I know i just differentiate with respect to x and then to y but I'm stuck on the tan^-1(y/x)
I know tan^-1(x)=1/1+X^2 when I applied this with respect to x I get 1/-1+y

2. Nov 14, 2008

### Pere Callahan

You should use the chain rule

$$\frac{\partial}{\partial x}\tan^{-1}\left(\frac{y}{x}\right)=\left.\frac{d}{du}\tan^{-1}(u)\right|_{u=\frac{y}{x}}\frac{\partial}{\partial x}\frac{y}{x}$$

3. Nov 14, 2008

### Staff: Mentor

That's not true.
What is true is that
$$\frac{d}{dx} tan^{-1}(x) = \frac{1}{1 + x^2}$$

4. Nov 14, 2008

### HallsofIvy

Staff Emeritus
The derivative of tan-1(u) is
$\frac{1}{1+ u^2}$
with u= y/x, that is
$\frac{1}{1+ \frac{y^2}{x^2}}$
for the derivative with respect to x or y those are multiplied by the derivative of y/x with respect to x and the derivative of y/x with respect to x "respectively".

5. Nov 14, 2008

### fionamb83

so df/dx = -2x/1+y^2 ?

6. Nov 14, 2008

### Dick

How did you get that?

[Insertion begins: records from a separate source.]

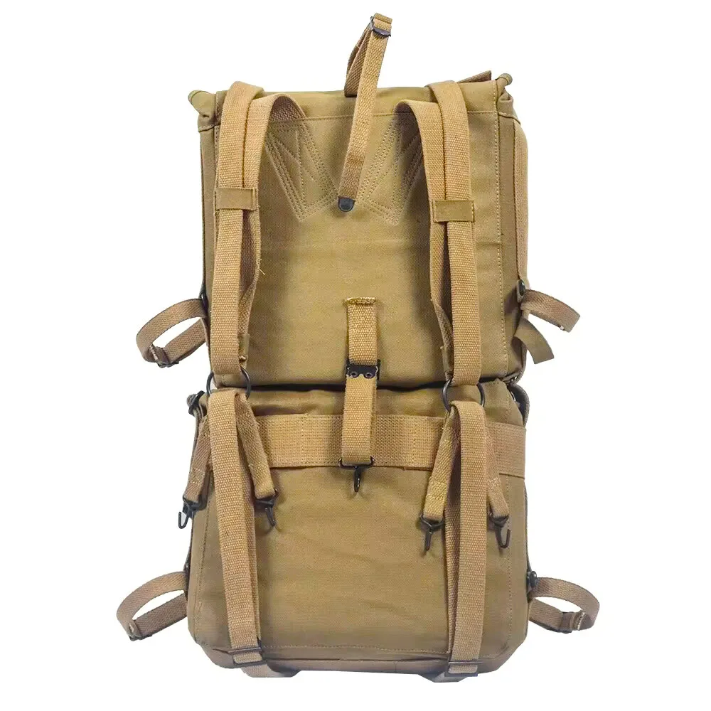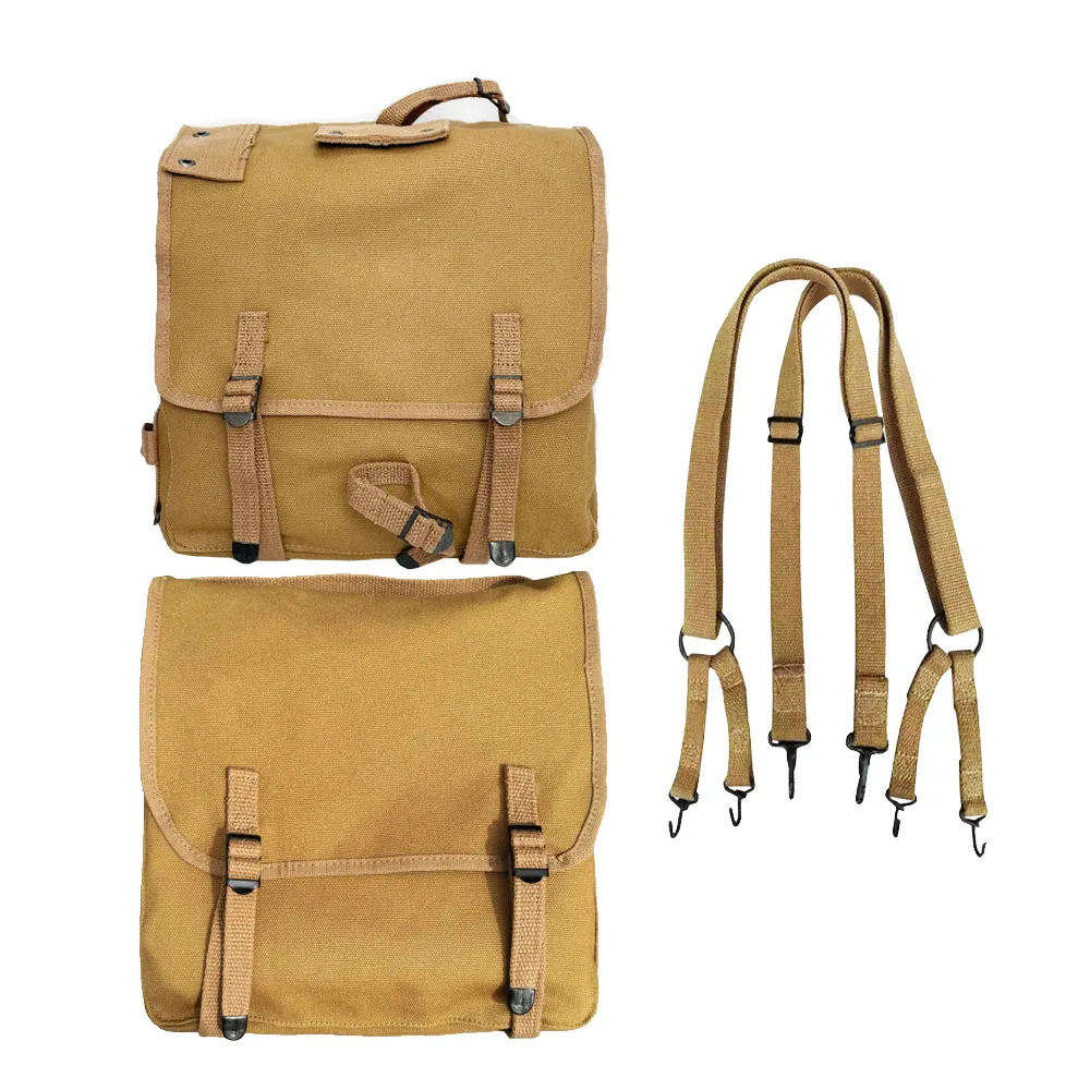 Este conjunto de equipos es una combinación de un kit M1941, que incluye los paquetes M1941 superior e inferior, así como dos correas M1941. Todo el conjunto consta de cuatro artículos. El equipo utiliza materiales originales: tela de lona fina de color caqui, idéntica a la utilizada por los soldados estadounidenses en 1941, que ofrece una excelente resistencia al desgaste y al desgarro. Diseño clásico: está fabricado íntegramente según las huellas de planos del equipo de campo M1941 del ejército estadounidense de la Segunda Guerra Mundial, incluidos detalles como métodos de costura y estilos de hebilla.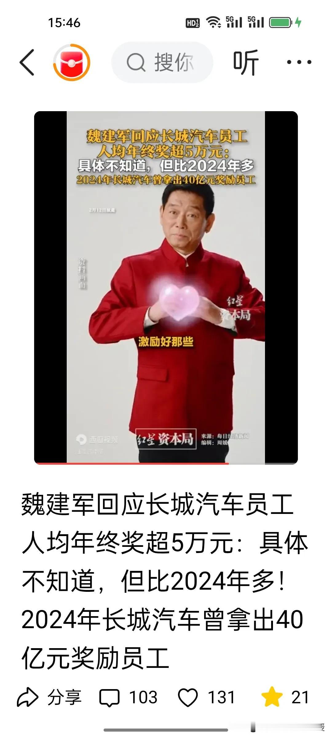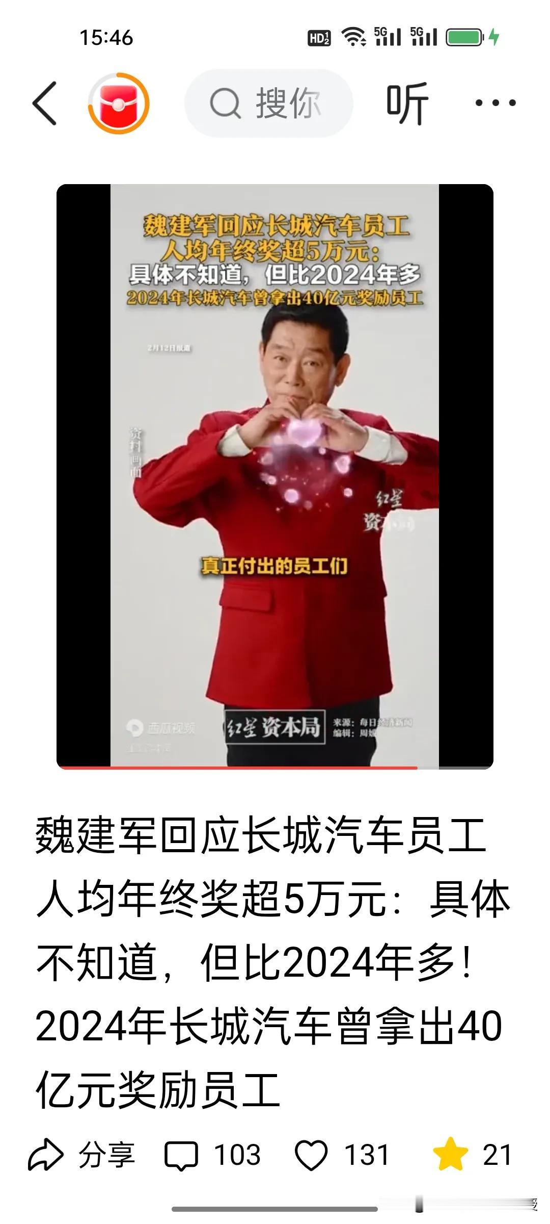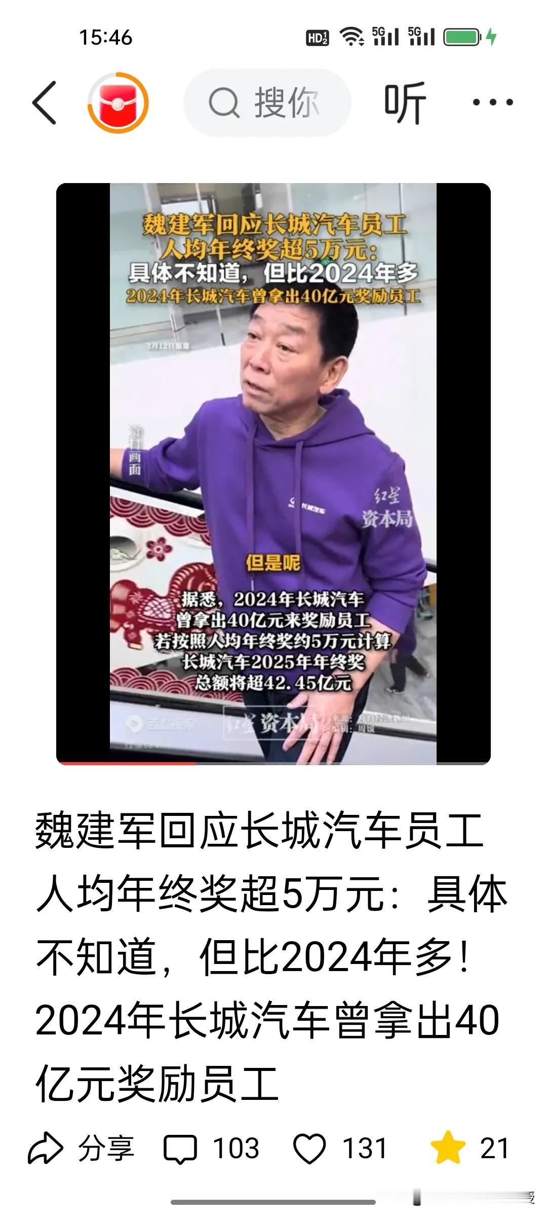 长城汽车人均年终奖超5万,魏建军:要奖励真正付出的人! 长城汽车2025年年终奖人均超5万,比2024年的40亿总奖励还多,总额预计超42.45亿。魏建军明确表态:要奖励那些真正付出的员工,激励好奋斗者。 对比其他车企:比亚迪人均约3-4万,吉利约2-3万,长城的年终奖手笔明显更豪横。在车市内卷的当下,长城愿意把真金白银砸向一线员工,而不是高管,格局一下就打开了。 这种“不玩虚的,只奖实干”的思路,才是车企能跑赢市场的底气。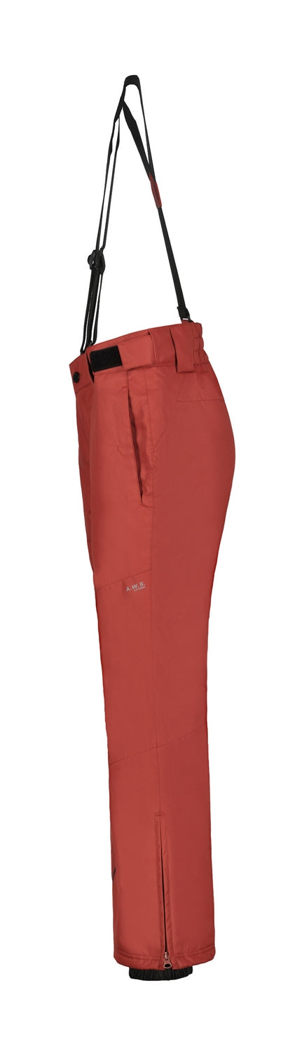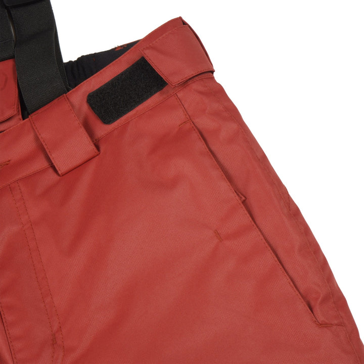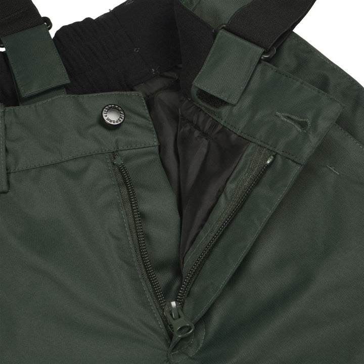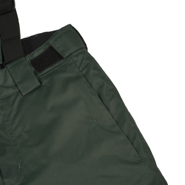 - : "Articulated knee construction Elastic waist Adjustable waist Adjustable suspenders Fixed snow gaiters in the leg openings Zips at leg bottoms Reinforcements at leg bottoms Fully taped seams PFC-free"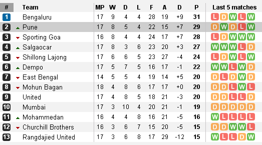 The match in Shillong, Megahlaya was classic example why you call this season as most unpredictable season. Bengaluru FC were clear favourite to get full three points against rock bottom club Rangdjiad United FC. Rangdijiad United under their new coach Herring Shangpliang urprised Bengaluru FC 3-2. Steven Dias, Lalnunpuia and Ranti Martins scored for the host while Chettri and Rooney scored for Bengaluru FC. This defeat will be a wake up call for Bengaluru FC that winning the league would not be easy.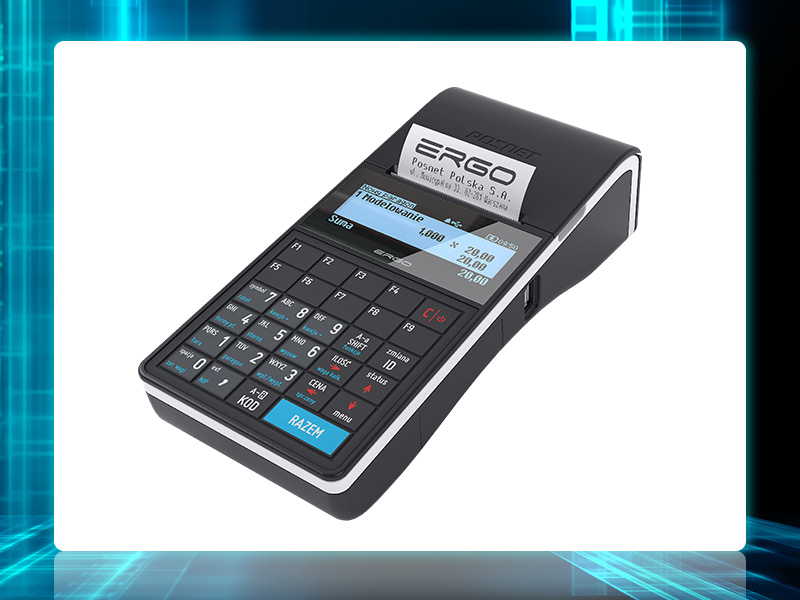 Małe kasy fiskalne podbijają dziś serca polskich przedsiębiorców. Nic więc dziwnego, że Posnet zdecydował się stworzyć kolejne urządzenie tego typu. Pomyli się jednak ten, kto oceni model Ergo jedynie na podstawie jego gabarytów i wagi. To elegancka i solidnie wykonana kasa, która zaoferuje nie tylko wysokie parametry użytkowe oraz wiele przydatnych opcji, ale także możliwość rozbudowywania swojej funkcjonalności w miarę rozwoju firmy.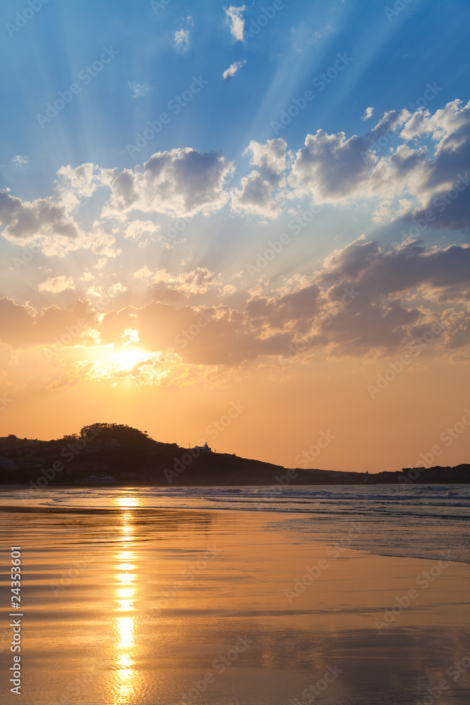 Nice sunset with lots of sunbeams at a lonely beach
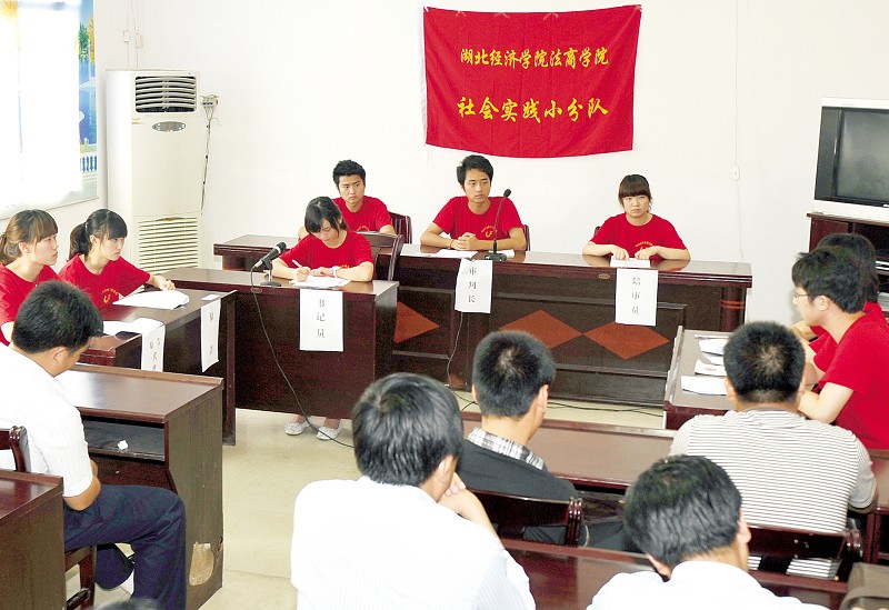 7月6日,一场模拟法庭活动在随州经济开发区湖北源丰化工公司内举行,吸引了众多企业职工参加旁听。原来,这是湖北经济学院法商学院法学系暑期社会实践小分队的一项活动。 (本报记者 李文军摄)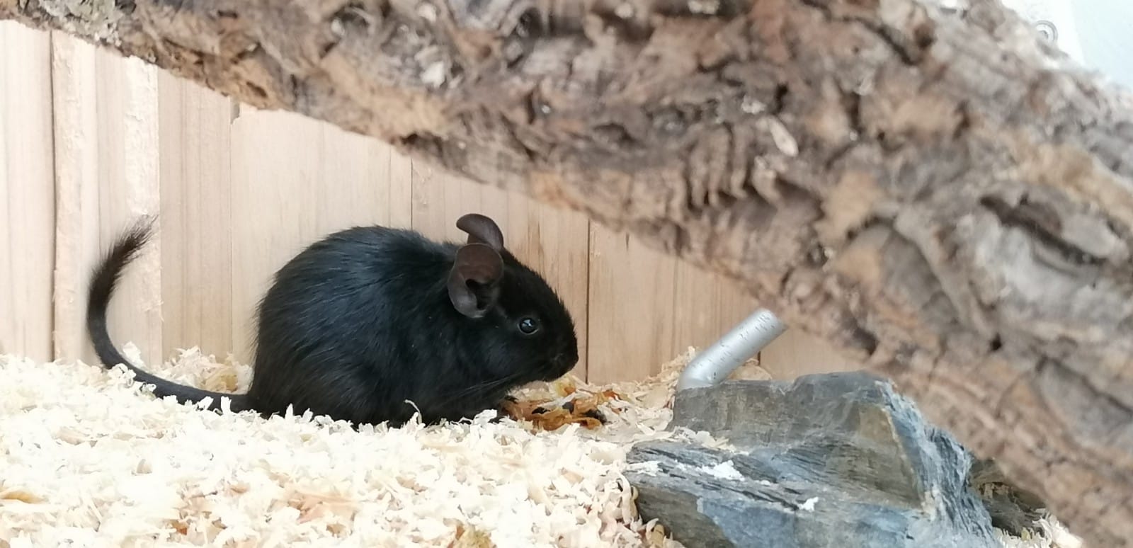 Ich bin Maki, ein kohlrabenschwarzes Degumädchen, 3 Jahre jung und ein wahres Energiebündel! Zurzeit bin ich leider alleine, weil meine liebe Adoptiv-Mama vor kurzem über die Regenbogenbrücke gehüpft ist.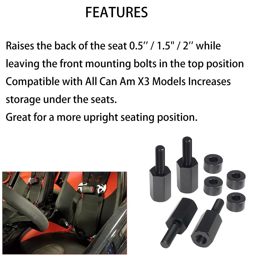 4 Pcs Height Adjuster X3 Seat Riser Brackets Lift Mount Kits For All Can Am X3 Models Lift Up UTV Seat Riser Extenders Black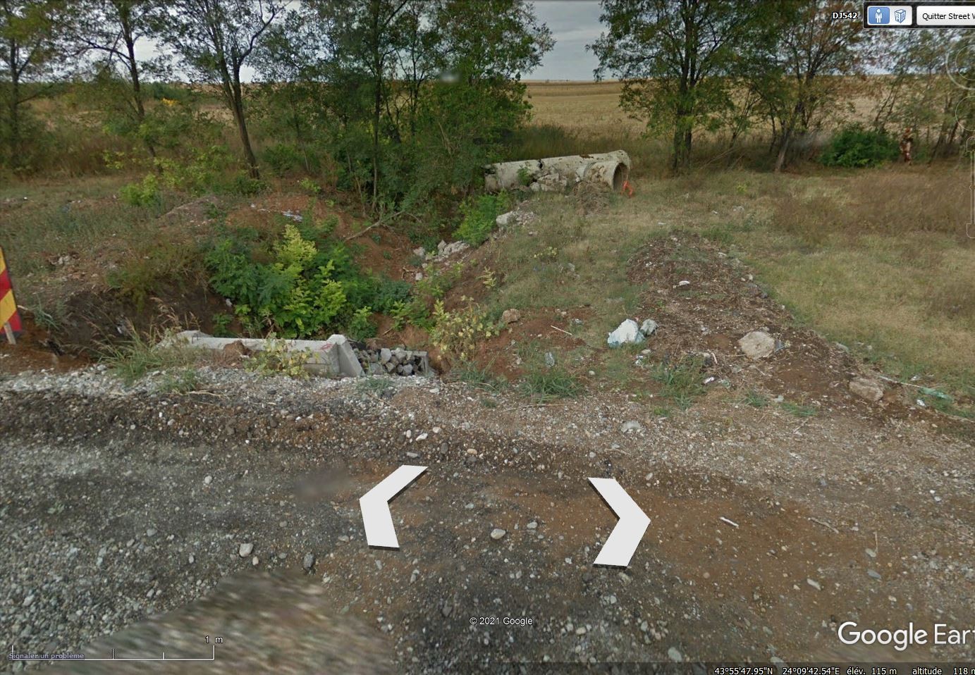 Bonjour , Je ne connaissais pas l'aspect politique de Deliblato. La première phrase du premier lien que tu cites est: "Le Sahara d'Olténie est un désert situé dans le sud de la Roumanie, entre Calafat et Dăbuleni. Le désert couvre environ 800km², soit 6% de la surface du district du județ de Dolj." Dăbuleni se trouve dans la zone que j'ai entourée en rouge, au sud. Le mot "désert" est ici une abus de langage. Comme bien souvent la vérité est déformée pour frapper l'esprit du public. A Calafat il tombe en moyenne 493mm d'eau par an. Les environs sont couvert de de champs cultivés. On y produit aussi des pastèques, qui ne poussent pas sans eau dans le sol. D'un point de vue géomorphologique, il serait correct d'écrire: entre Calafat et Dăbuleni. Les paléo-dunes couvrent environ 800km², soit 6% de la surface du district du județ de Dolj. Une bonne partie de ces paléo-dunes n'ont pas été cultivées. Pour information, la sécheresse dans cette région n'est pas un phénomène nouveau. Pour la contrecarrer, sous le régime communiste un réseau de canaux d'irrigation a été construit, mais le système d'irrigation a été abandonné après la chute du régime en 90. On voit le quadrillage de canaux sur la première capture de Google Earth de ce sujet. Je n'ai pas pris de photos quand je suis passé par là il y a quelques jours, mais voici 2 captures de Street View qui montrent l'état actuel de ces canaux. ---------------------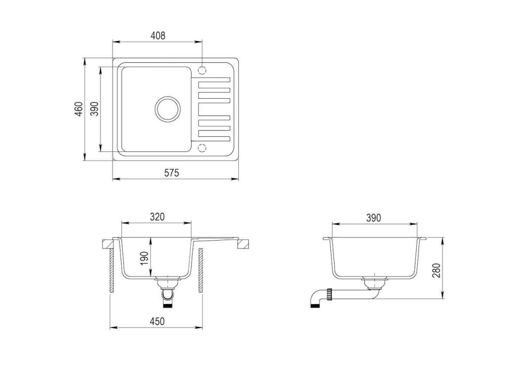 - Rozměry dřezu: 320 x 390 x 195 mm (D x Š x H)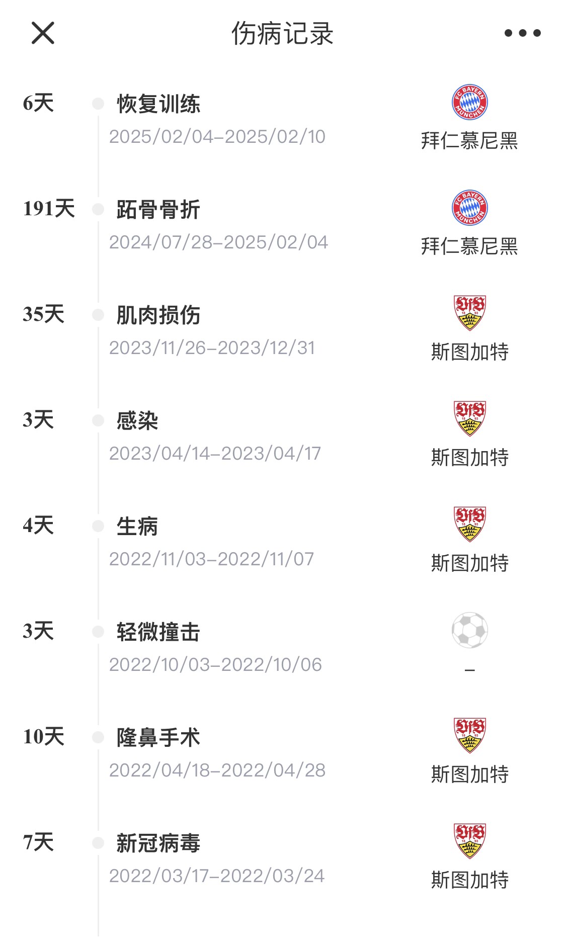 2024年夏窗,拜仁激活3000万欧的解约金条款,从斯图加特签下25岁的日本后卫伊藤洋辉。7月28日伊藤洋辉友谊赛拜仁首秀便遭遇跖骨骨折,进行了两次手术,一直伤缺到今年2月才迎来拜仁正式比赛首秀。在复出仅出战8场比赛后,伊藤洋辉同一位置又遭遇了骨折伤情。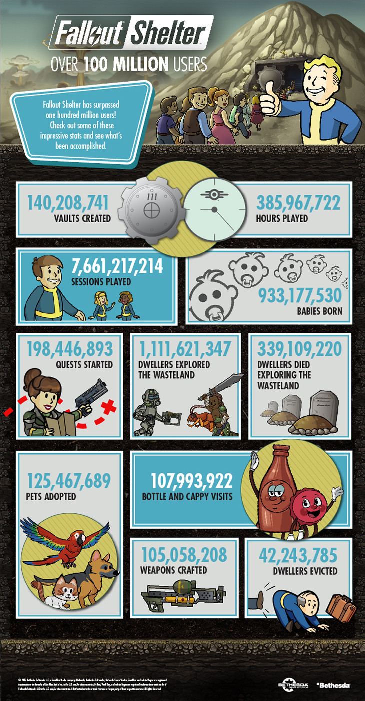 Bethesdaは、公式ブログにて『Fallout Shelter』のプレイヤー数が1億人に達したことを明かし、ゲーム内の様々な数字を明らかにした。

Halls told you it's 1/(1+y^2/x^2) times the x derivative of y/x. What's the x derivative of y/x?

7. Nov 14, 2008

### fionamb83

Sorry just saw what I did there. Oops. the x derivative of y/x is -y/x^2. Sorry confused myself there. Thanks for the help everyone!